The City of Seattle recently brought in a goat farmer from Spokane (Healing Hooves, via Treehugger) to help clear away blackberry brambles on a steep hillside around a utility substation that had become a fire hazard, and the brown-eyed herd proved quite obliging.
Turns out, with the right training, goats, sheep and even cattle can survive and thrive on a mixture of weeds, brush, and grasses, thus helping to control weeds and reduce fire danger.
Now then, what about Cat's Claw (Caesalpinia decapetala)?

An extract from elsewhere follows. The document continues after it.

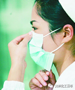 (2)正对脸部的应该是医用口罩的反面,也就是颜色比较浅的一面,除此之外,要注意带有金属条的部分应该在口罩的上方,不要戴反了。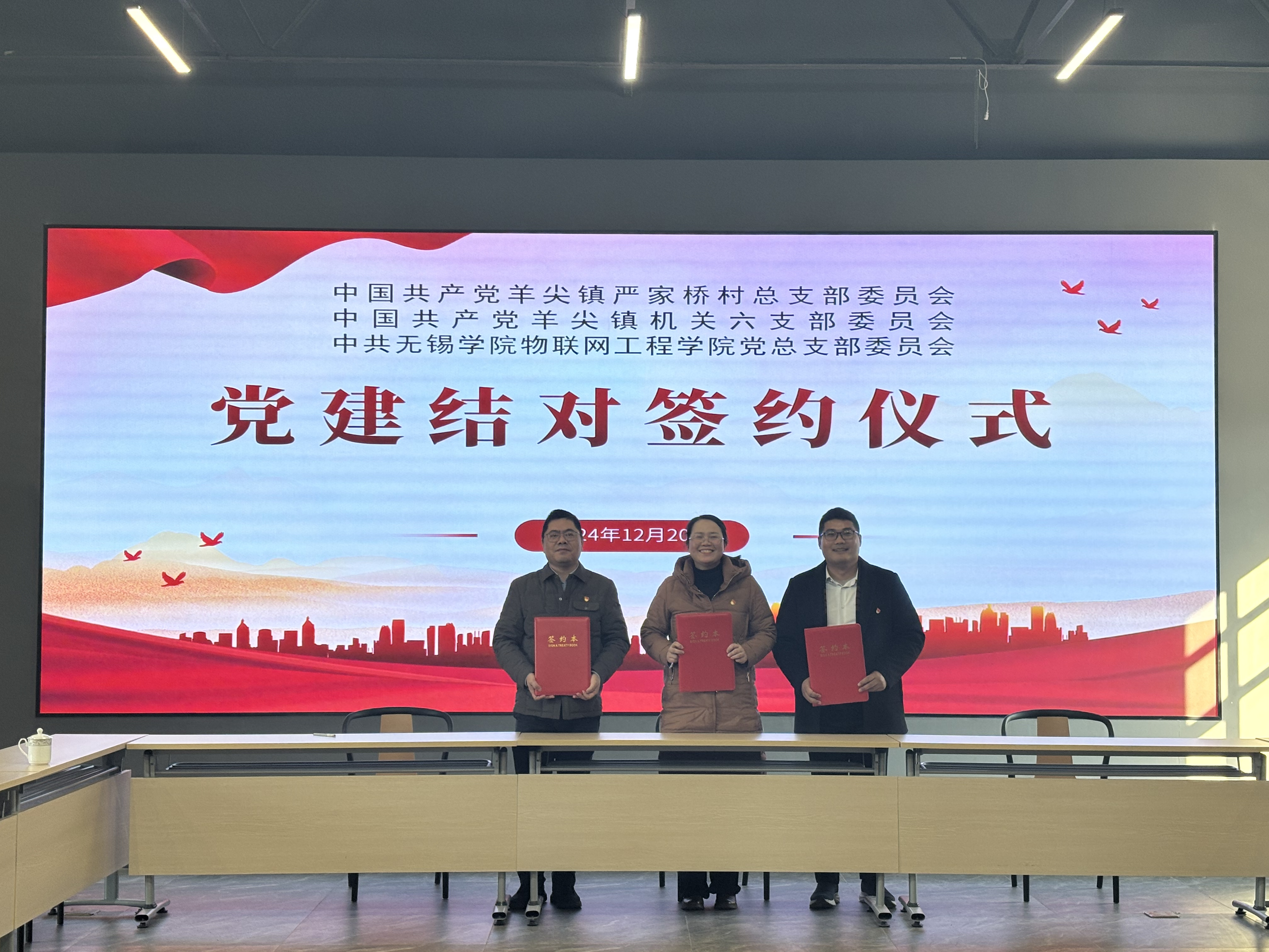 为进一步加强基层党组织建设,充分发挥党建引领作用,推动资源共享、优势互补、共同发展,12月20日下午,物联网工程学院党总支与羊尖镇严家桥村党总支、羊尖镇机关第六党支部在严家桥唐苑矩形粮仓举行了“踏寻红色足迹 共筑信仰之基”主题党日活动暨党建共建签约仪式。物联网工程学院全体教师党员及部分学生党员代表,共计50余人参加本次活动。

One of the islands' most troubling invasive species, this woody vine with sharp thorns and yellow flowers forms impenetrable thickets over widespread areas of Kaua'i, O'ahu, and Hawai'i.
Cat's Claw is not among Kauai's top-10 priority invasives, yet it gets a mention since I'm a hiker. (Ever try to extricate yourself from Cat's Claw? Kolohe nui!)
This native of tropical Asia was introduced as a fence plant for ranches before 1910, but the recurved thorns proved lethal, killing a cow on Kaua'i.
But heck, goats are also an introduced species (brought to the islands by Europeans as a food source in the early 1800s), and goats are known to eat other woodies, like catbrier...
They might as well be guided to eat vegetation we don't want.